For your scallops to lay flat with no puckers on the bottom portion, you must release the tension in that area. On your cutting mat use an Exacto knife to get to that tight space. Using scissors can cause you to snip the thread line. Using an Exacto knife release the point tension with 2 miter cuts.
Turning the scallops
Pull the lining out exposing its right side.
Push the lining back into the bag.
Smooth the lining on the inside of the bag. Pull on it to match the raw edges of the bottom to the panels raw edge on the bottom.
While using the bone to push out the curve of the scallops roll the seam allowance with your fingers to help straighten and smooth until flat. Press with iron on the edge only.
I will now turn it back outside in.
Press scalloped pattern onto batting. Cut along scallop line. Add shaped batting to the border of the panel using spray adhesive to attach.
Turn bag inside out, adjust batting with fingers.
Baste batting down through all layers of the bag.

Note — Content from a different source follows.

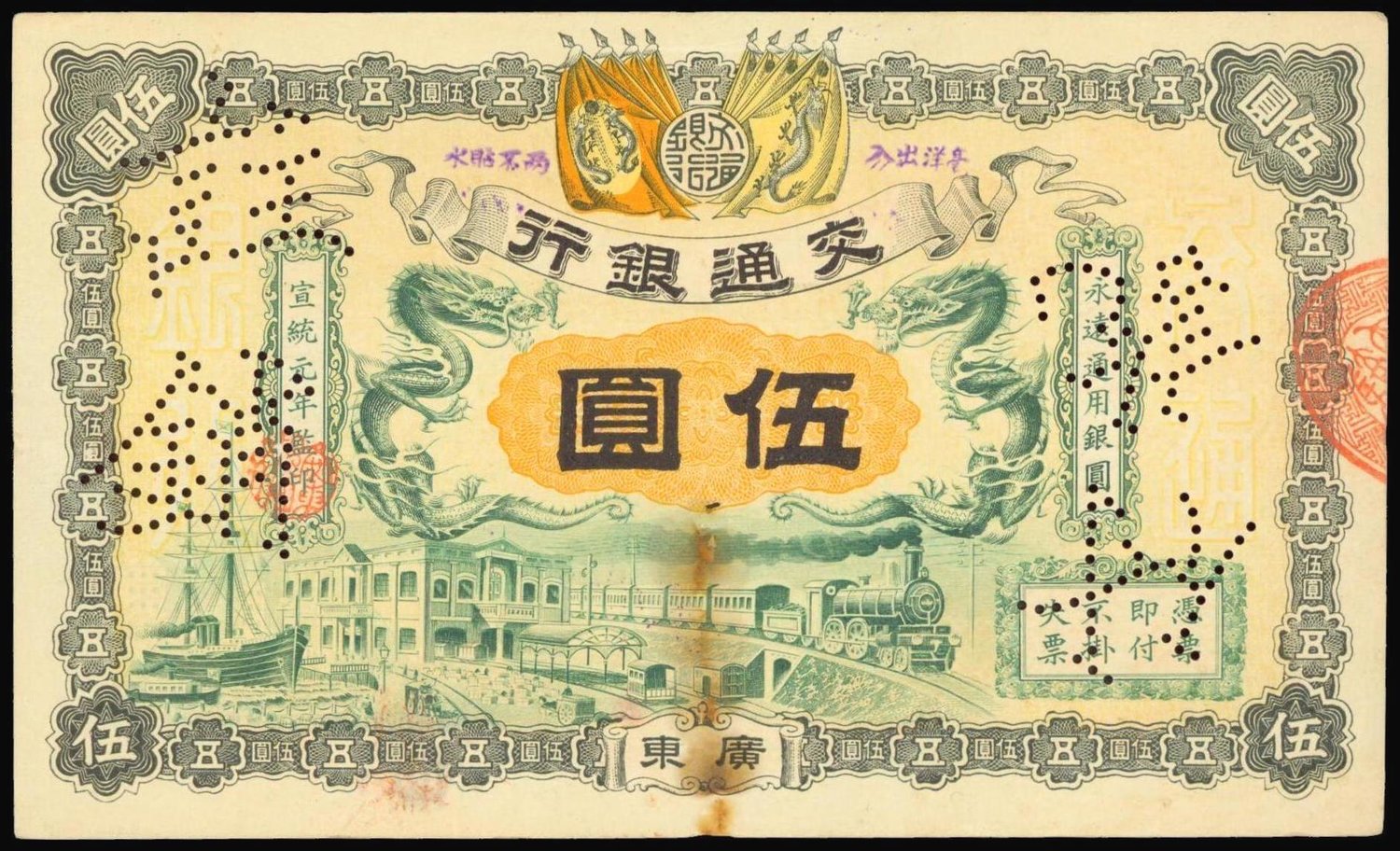 Bank of Communications,$5, 1909, Canton, serial number 067031,green and multicolour, two dragons facing value at centre, crossed flags at top, train, station, ship below, reverse red and green, cancelled with perforated Chinese characters,

Turn the bag inside out to finish the bottom seams.
After turning the lining half way up the bag to get it out of the way, mark the bottom boxing cutouts on both the panel and lining as shown.
Cut out the same amount on other side of the bag.
Turn inside out, pull the lining down and cut away the excess corner fabric.
Turn the bag over and repeat on the other side.
Turn outside in to stitch the bottom seam and corners of the front panel -the outside of bag. Match bottom block seams. Clip or pin in place.
Sew bottom seam ½” from edge.
Fold corners, matching seam allowances. Stitch with ½” seam allowance.
With right sides together of lining, match raw edges, clip or pin in place.
Next stitch the linings bottom seam, leaving an 6” opening for turning.
Fold the corners….
Stitch the corners…
Turn inside out through the opening and adjust any batting if necessary.
Smooth out panel. Stitched close the linings bottom seam by hand or machine.
Push and smooth the lining into the bag.
Press border of bag, top-stitch if you like. Stitch in the ditch at applique block seams.
Stitch in the ditch on bottom panels.
Fold and press the corners and bottom boxing to give the finished bag soft edges.